A Novel Nonlinear Mapping based Compatibility Method for Zero-Shot Classification in Intelligent Fault Diagnosis

With the development of machine learning and deep learning techniques, intelligent fault diagnosis (IFD) have been widely used in industrial control systems to monitor and detect the possible system faults and ensure the safety of system operations. Due to the lack of the faults samples, supervised machine learning and deep learning techniques cannot achieve great efficiency in intelligent fault diagnosis for control system. Additionally, although some unsupervised machine learning and deep learning techniques have been used in intelligent fault diagnosis, the low efficiency on types detection and identification of unseen-faults is achieved. To address these issues, in this paper a novel nonliear mapping based compatibility method (NMC) is proposed to effectively detect and identify the types of unseen faults with zero-shot classification in intelligent fault diagnosis. In particular, In the proposed NMC method, the fault samples of control system (known as seen-fault samples) are collected with the Sliding-Window strategy. Then, the projection of the collected seen-fault samples in the hidden feature space is achieved by nonliear mapping. Finally, the compatibility of the seen-fault samples and their projections are obtained by the compatibility function, and the unseen-faults of control system (i.e., zero-shot fault samples) are detected and classified into the category with maximum compatibility to the unseen-faults.

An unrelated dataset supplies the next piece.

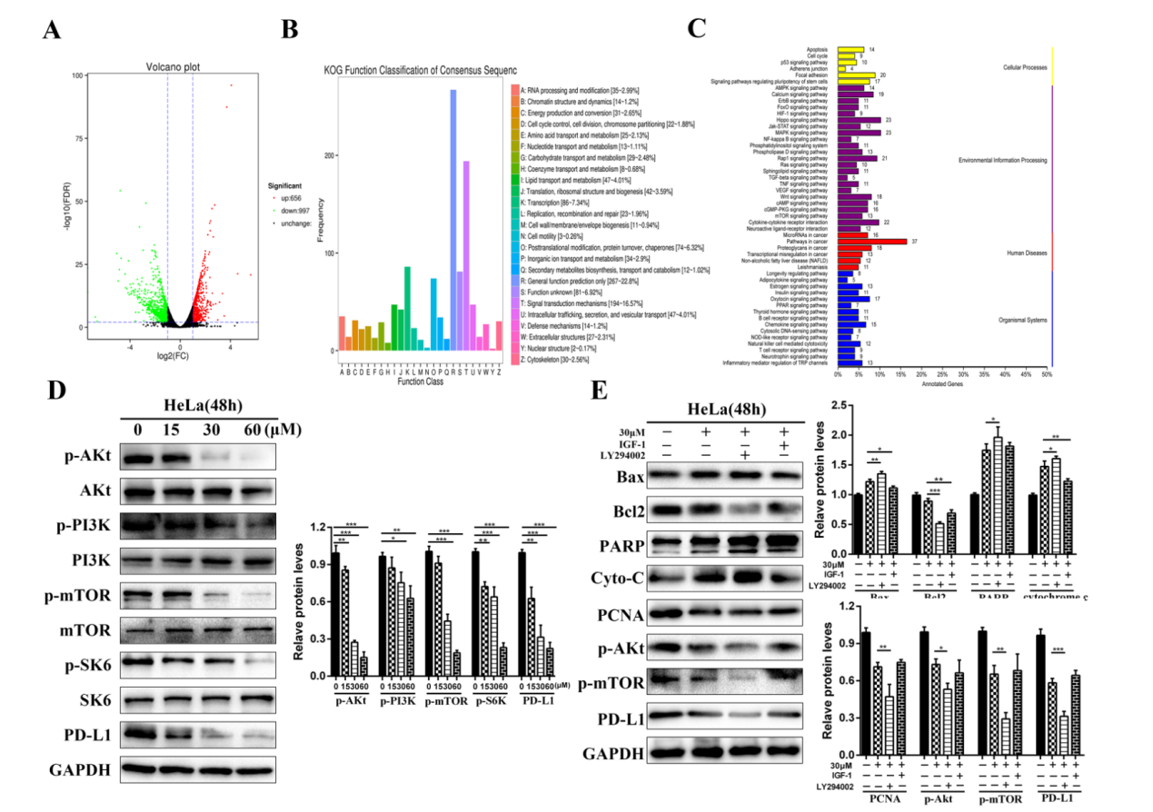 作者對HeLa細胞進行RNA測序分析。根據結果,發現與對照組相比,有656個顯著上調基因和997個下調基因(圖5A)。接下來,通過功能注釋對這些差異基因進行聚類分析。結果表明,α-Cyperone影響了與癌癥相關的多種生物途徑,包括代謝途徑、MAPK信號途徑、PI3K/Akt/mTOR信號途徑、細胞周期和凋亡(圖5B,C)。

Via the evaluations with TEP database, the results show that the proposed NMC method can achieve great accuracy on category identification of unseen-faults in control system in comparison with existng zero-shot classification models (i.e., DAP, ALE and Feng) and achieve great robustness to noise. In addition, with few-shot or zero-shot fault samples, the proposed NMC method can also achieve better efficiency in comparison with supervised classification model.